Well, for one, you can get the VBR-style import behavior. Just to give you a little bit of... background. Right now, QuickTime's MP3 importer, by default, when it encounters VBR media, does not create accurate VBR-style sample tables. And this is because of compatibility reasons. When we tried to do this, we broke certain older applications that were making implicit assumptions about how the movie structures are laid out. If you remember Brad talking about the get media sample... Yeah. ...and the sound converter combination that we highly discourage, these applications were doing that. They were basically delving deep into the movies, tracks, media, getting at the samples and doing their own decoding and whatsoever.

Because such applications exist, we can't change the default behavior, but if you're a new modern application and you want to opt into this VBR style import, which is the more accurate import and helps you to eliminate dropouts and helps you to synchronize better, then you set this property to let QuickTime know that you'd like it so. And in the future, we can add other kinds of optimization. For example, we could import movies at the time scale of the audio, and this helps sample accuracy, and you get this for free if you've already opted in.

This is new in Leopard, and the two properties that are new are one works with the new movie from properties, and the new movie from properties is the preferred way of opening a movie, but you can also, if you for some reason have to deal directly with the importer component, you can use the other property and call it right after you've opened the component, but before you do any sort of import. So those three were just some quick new properties. I'd like to now move on to the Audio Context Insert APIs.

QuickTime has for many years had a story for video effects. We've had a video effects architecture, but we haven't had any corresponding story on the audio side. There's not really been any way to get at the synchronized audio. QuickTime's audio context has been pretty much of a black box that you couldn't really access.

Sometimes we got questions as to how do we perform custom processing, and the easiest solution, well, the only solution we could give you was get at the audio using movie audio extraction, do your custom processing, but after that, you're kind of on your own. You have to deal with the synchronization beyond that custom processing point.

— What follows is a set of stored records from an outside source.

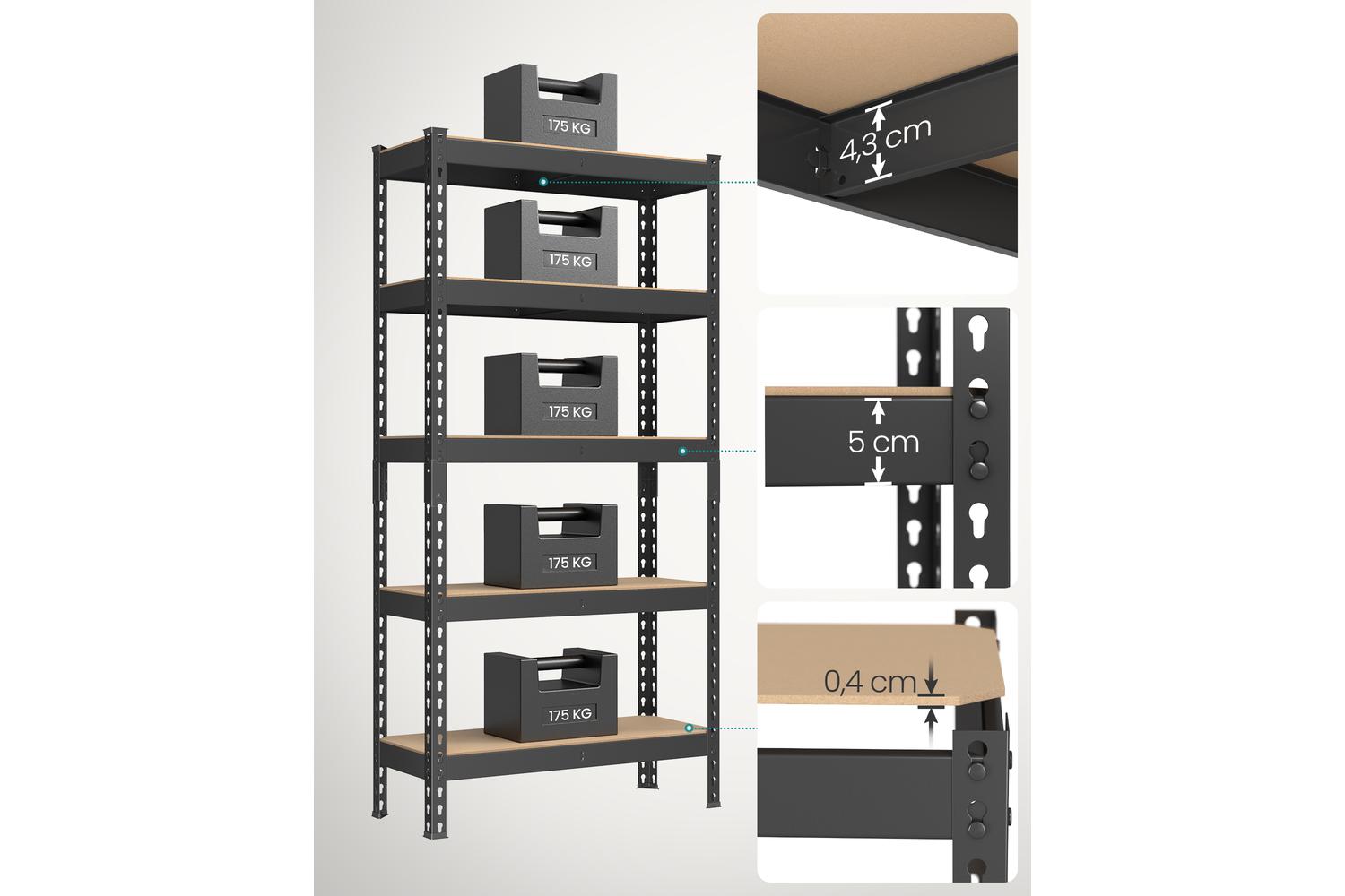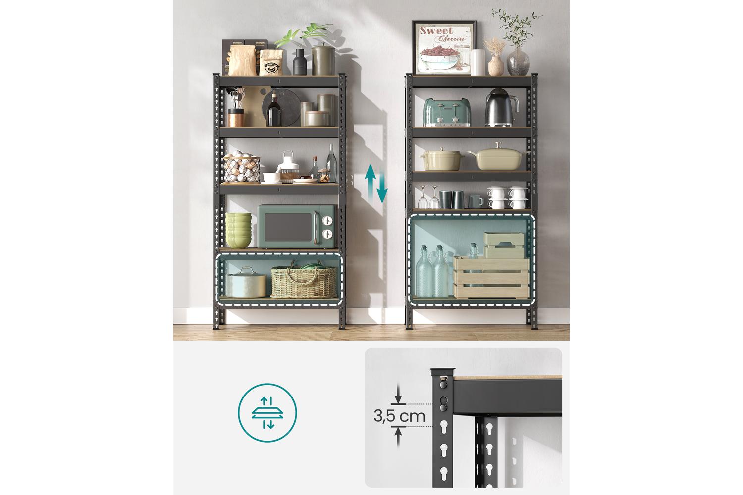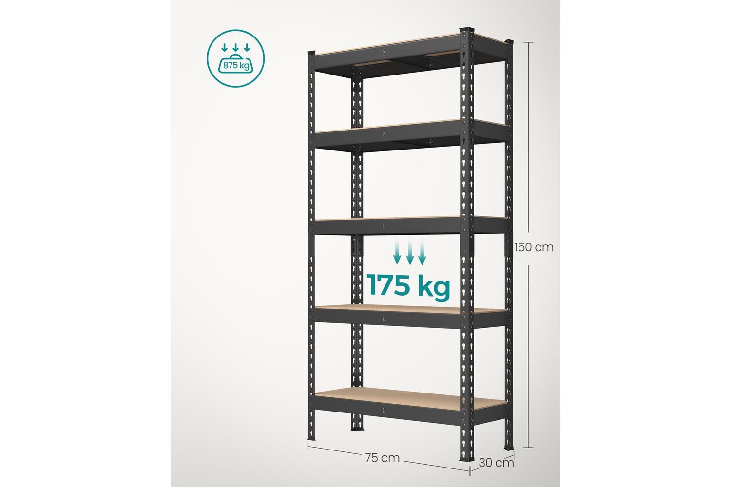 Transform your storage space with the SONGMICS Shelving Unit, the ultimate solution for garage, shed, or home organisation in Ireland. Designed for those who value strength, flexibility, and ease of use, this five-tier steel and MDF shelving unit is perfect for keeping your tools, boxes, and household essentials neatly arranged and easily accessible. Whether you are looking to declutter your garage, organise your pantry, or add extra storage to your office, this heavy-duty shelving system delivers reliable performance and a sleek, modern look.
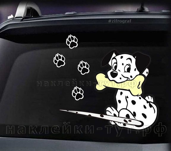 Представляем вам нашу новую продукцию, но на рынке хорошо известную "живые" или "подвижные" наклейки на заднее стекло и дворник автомобиля - "ДАЛМАТИНЕЦ" от нашей дизайн-студии Zifrograf. Популярность этой наклейки растет с каждым месяцем, заказав её вы получаете 6 наклеек (пес, его хвост и 4 лапки) вырезанных по контуру. Наклейка в виде "хвоста" приклеивается на дворник, а фигура далматинца и 4 лапки на заднее стекло авто. После монтажа при включении дворника собака-наклейка на стекле авто начнет махать хвостом как "живая". Не забудьте обезжирить поверхности перед тем как будете клеить стикеры, вариант оформления смотрите в фотографиях на этой странице. Не забудьте обезжирить поверхности перед тем как будете клеить стикеры, вариант оформления смотрите в фотографиях на этой странице. ВНИМАНИЕ! Пользоваться дворником (включать его) желательно не раньше через месяц после того как вы приклеили эту наклейку с собакой, чтобы не повредить её щеткой и дать клею как следует "схватиться", особенно, когда стекло сухое или снимите на это время щетку дворника.
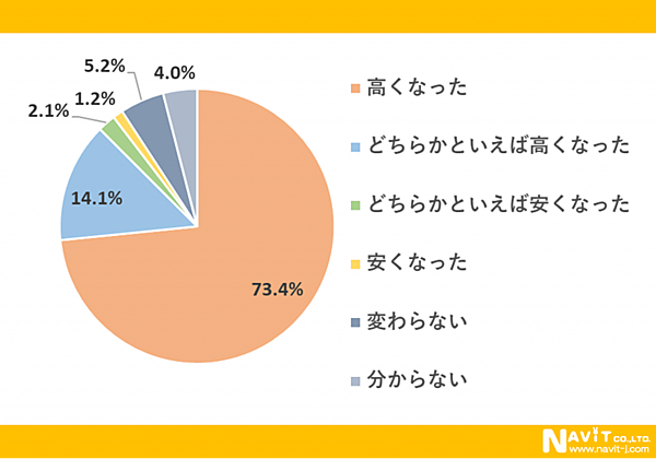 まず「昨年より電気代の支払額が高くなりましたか?」と聞くと、「高くなった」73.4%、「どちらかといえば高くなった」14.1%で、ほぼ9割が値上がりしている。こうした状況からか、「電気代の節約・節電を意識していますか?」についても、「意識している」63.0%、「どちらかといえば意識している」30.2%で、9割以上の人が節約・節電を意識していた。

So essentially, we were asking you to write your own mini QuickTime playback engine, and that was kind of a difficult solution and not something we should have expected you to do. So these insert APIs are trying to make that job easier for you, and what they are is a way for you to slot in a custom processing unit into QuickTime's rendering chain. And once you're slotted in there, you could either perform, add custom effects like do mixing or perform any kind of, add a filter or whatever, or you could not manipulate the data, but just watch the synchronized data fly by and do data visualization.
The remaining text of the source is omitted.